Au regard de tous ces éléments l’on pourrait dire qu’il est légitime pour les jeunes africains de partir. Existe-t-il néanmoins des raisons pour rester en Afrique ? 
-  Un continent à bâtir, une population jeune. L’Afrique est une terre où beaucoup sinon tout reste à faire. Elle a besoin de ses fils et de ses filles pour se construire. Sa richesse c’est sa population certainement parmi les plus jeunes dans le monde. 60 à 64% de la population en Afrique subsaharienne a moins de 20 ans.
-  Une terre de croissance économique. L’Afrique présente les taux de croissance les plus élevés au monde. La coopération prend de nouvelles orientations, il y a davantage d’échanges entre les Etats du continent (le Maroc 1er investisseur étranger en Côte d’Ivoire), l’intégration économique dans des ensemble sous régionaux avance à grands pas même s’il y a encore des points à parfaire (CEDEAO-UEMOA). Il y a aussi les efforts faits pour mettre en œuvre de grands projets structurants (autoroutes, interconnexion électrique…). L’Afrique se présente comme une terre d’opportunités avec ses réserves de matières premières stratégiques, ses terres agricoles, ses ressources hydriques, son potentiel touristique sous-exploité, ses besoins en infrastructures de base (eau, électricité, logement, santé, transport, identification…). A’ cela il faut ajouter les efforts faits (amélioration pour l’accès à la justice, mise en place d’organes de contrôle de la gestion, projet de sécurité sociale…). 

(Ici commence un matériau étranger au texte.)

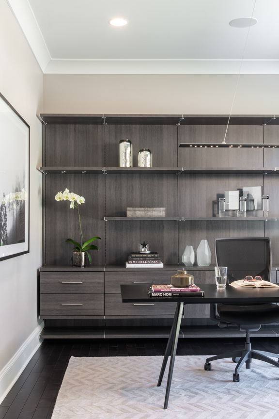 In the husband’s office, a “floating” Magis Baguette table from the Herman Miller collection serves as his desk. Reinforcing the linear theme is a chevron-patterned rug and a minimalist LED lighting fixture that resembles a circuit board. The dark grained cabinetry was custom-designed by California Closets, and softening the masculine effect is an oversize black-and-white landscape photo reminiscent of the owners' frequent trips to Colorado.
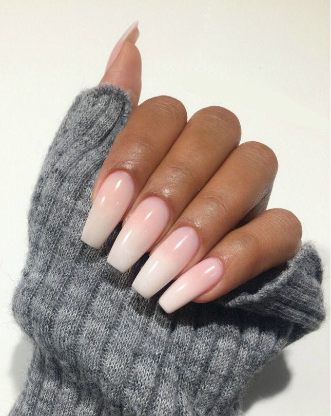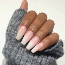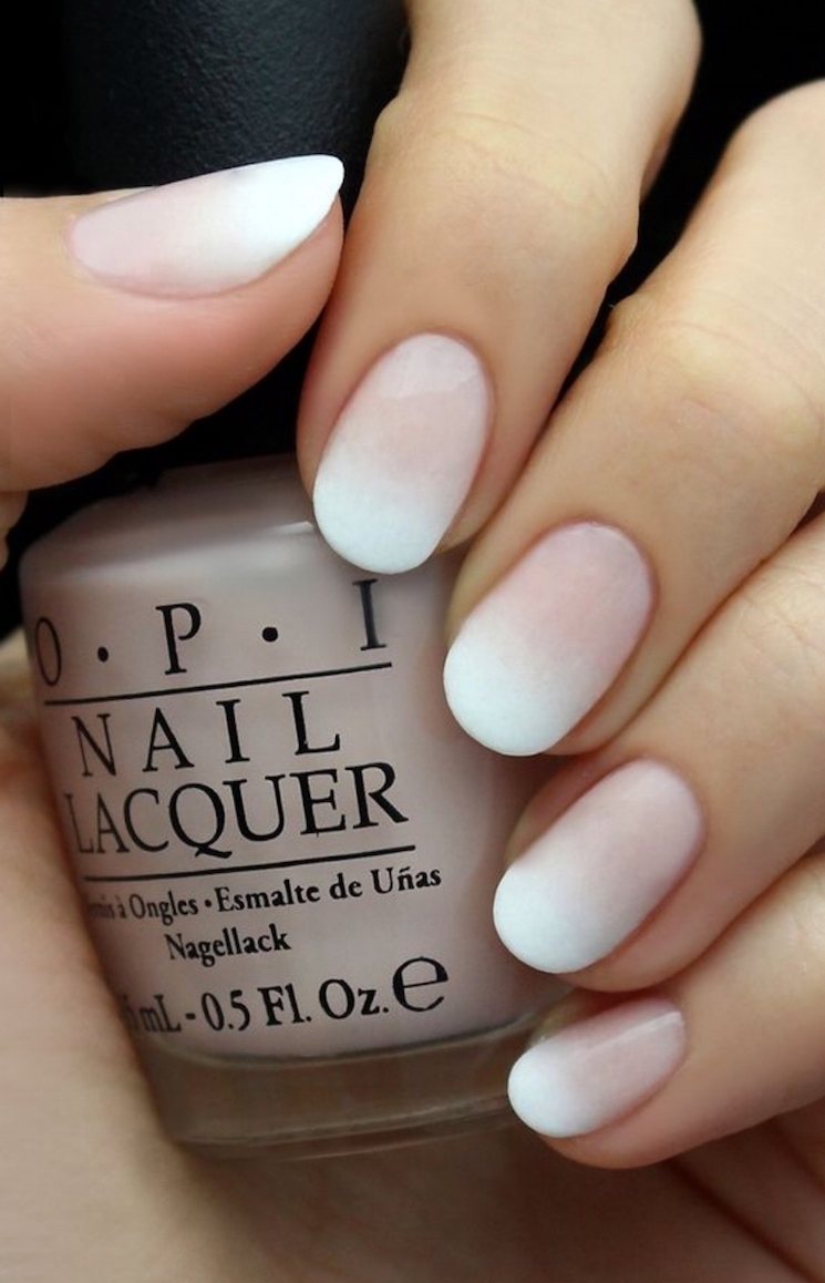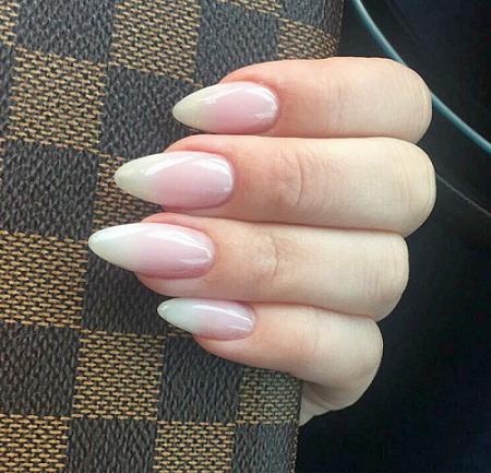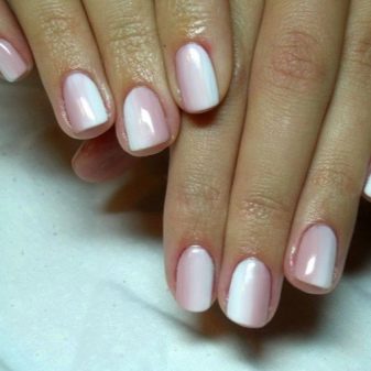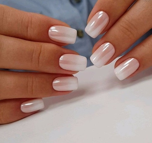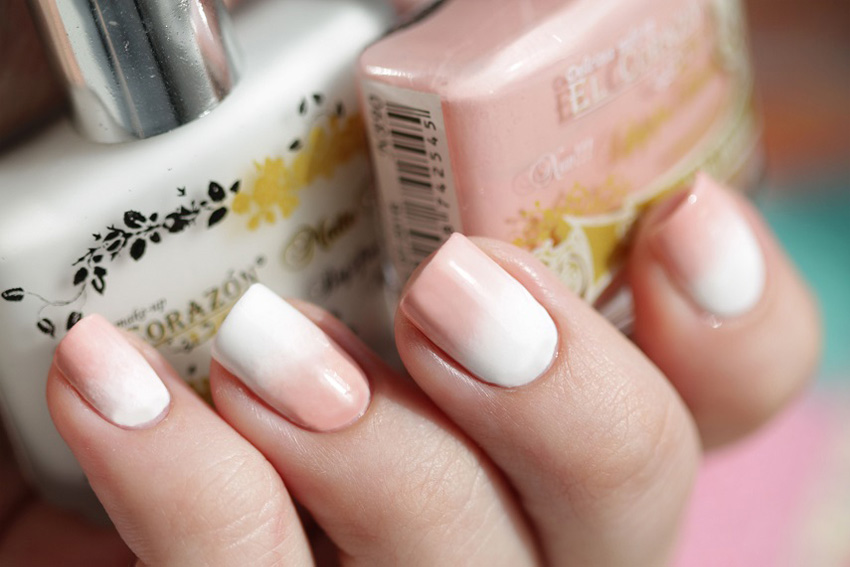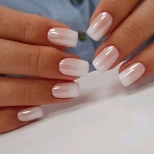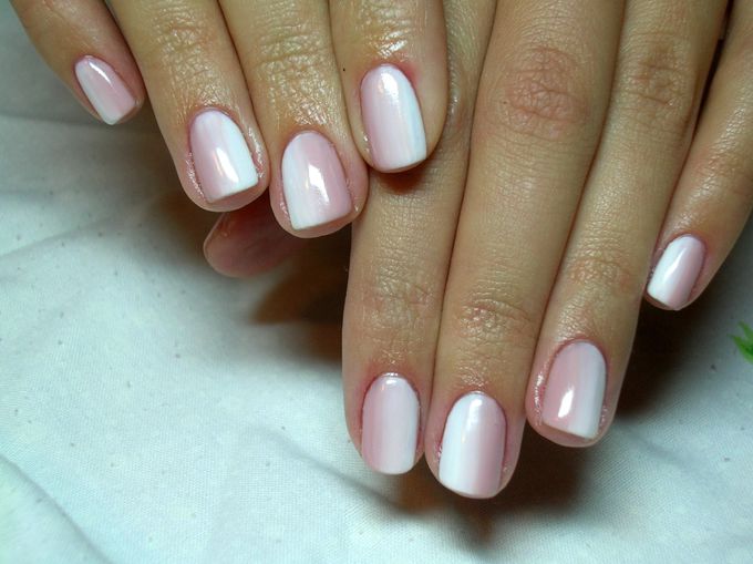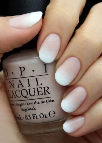 White ombre is very similar in tone to the usual French manicure, and the color range used to create it is the same varnishes.

-  Le boum numérique. Avec le développement de l’internet, les TIC connaissent une croissance extraordinaire facilitant du coup la vie et aidant à répondre à un certain nombre de besoins essentiels notamment par le développement d’applications mobiles. Ex. accès à l’information, service financier (mobile money, crowdfunding)… 
-  L’existence de modèles. Au-delà de tous les griefs, il existe des modèles de réussite avec des entrepreneurs (Mo Ibrahim, Aliko Dangote…). Au niveau politique, certains pays font figure d’exception démocratique (Sénégal, Bénin, Ghana). 

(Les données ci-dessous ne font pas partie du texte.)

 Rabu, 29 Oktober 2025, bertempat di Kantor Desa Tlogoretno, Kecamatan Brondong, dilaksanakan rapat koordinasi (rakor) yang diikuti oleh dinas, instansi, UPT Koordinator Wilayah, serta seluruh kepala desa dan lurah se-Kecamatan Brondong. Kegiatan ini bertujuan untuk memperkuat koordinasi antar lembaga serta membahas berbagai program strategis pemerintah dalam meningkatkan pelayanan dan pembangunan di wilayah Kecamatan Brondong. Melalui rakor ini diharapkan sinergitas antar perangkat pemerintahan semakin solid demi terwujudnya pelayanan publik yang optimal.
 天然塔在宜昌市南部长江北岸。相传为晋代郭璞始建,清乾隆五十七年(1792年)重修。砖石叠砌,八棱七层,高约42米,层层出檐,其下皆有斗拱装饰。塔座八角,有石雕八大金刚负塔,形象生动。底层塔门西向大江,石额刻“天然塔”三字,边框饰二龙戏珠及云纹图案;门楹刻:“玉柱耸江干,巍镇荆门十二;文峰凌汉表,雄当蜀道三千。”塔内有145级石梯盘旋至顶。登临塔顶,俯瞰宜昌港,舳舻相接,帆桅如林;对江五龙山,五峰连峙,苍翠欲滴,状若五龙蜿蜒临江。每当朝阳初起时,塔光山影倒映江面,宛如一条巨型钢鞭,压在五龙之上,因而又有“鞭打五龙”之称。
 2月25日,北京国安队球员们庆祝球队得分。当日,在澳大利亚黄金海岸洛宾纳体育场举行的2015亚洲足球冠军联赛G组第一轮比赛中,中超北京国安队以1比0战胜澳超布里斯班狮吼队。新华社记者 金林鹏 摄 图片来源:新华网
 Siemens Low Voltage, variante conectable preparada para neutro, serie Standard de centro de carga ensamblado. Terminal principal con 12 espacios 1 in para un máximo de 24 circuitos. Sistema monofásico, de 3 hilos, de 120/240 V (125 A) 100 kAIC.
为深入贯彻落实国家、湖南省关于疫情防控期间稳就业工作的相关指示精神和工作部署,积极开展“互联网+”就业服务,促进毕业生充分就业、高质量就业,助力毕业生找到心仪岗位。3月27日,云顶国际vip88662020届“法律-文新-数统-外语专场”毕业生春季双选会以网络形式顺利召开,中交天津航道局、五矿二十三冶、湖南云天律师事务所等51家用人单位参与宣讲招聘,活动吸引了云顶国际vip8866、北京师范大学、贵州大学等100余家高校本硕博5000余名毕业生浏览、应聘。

-  Nécessité d’être utile à sa terre. A ce niveau mon intervention prendra la forme d’un témoignage personnel. Je suis membre de la communauté de SANT’EGIDIO depuis 1996 et je voudrais dire pourquoi je ne suis pas parti. J’ai compris au contact des pauvres enfants de bidonvilles, enfants de la rue et même d’autres jeunes qu’il y a un besoin de solidarité qui sort du culte de la réussite personnelle pour se faire réussite collective. Quand un enfant apprend à lire et à écrire, quand un autre échappe à un destin de violence et d’exploitation, quand on permet de faire tomber les barrières de la méfiance et du préjugé, quand on aide à découvrir que nul n’est si pauvre au point de ne pouvoir aider quelqu’un d’autre, l’on comprend que vivre va au-delà de se sauver tout seul. J’ai eu la possibilité de partir ailleurs. Deux de mes frères sont au Canada et ils continuent de me relancer quant à l’idée de les rejoindre mais moi j’ai décidé de rester pour aider à ma façon le Continent à faire des pas peut-être petits mais des pas qui promeuvent la vie. 
 
3/ Ce qu’il faut 
-  Un meilleur contrôle de l’action des Etats 
-  Une nécessaire refonte de la mentalité
-  Investir dans la jeunesse 
-  Définir les vraies priorités 
-  Renforcer la justice sociale 
-  Adapter la formation aux besoins réels de la société. 
-  Aider à l’instauration de démocraties véritables avec une réelle séparation des pouvoirs. 
 
Il est clair que beaucoup de raisons poussent la jeunesse africaine à s’engager dans la voie de l’émigration. Toutefois les mutations en cours, la conscience de prendre en charge le futur de ce Continent et les modèles de solidarité sont des facteurs sur lesquels l’on peut s’appuyer pour rester.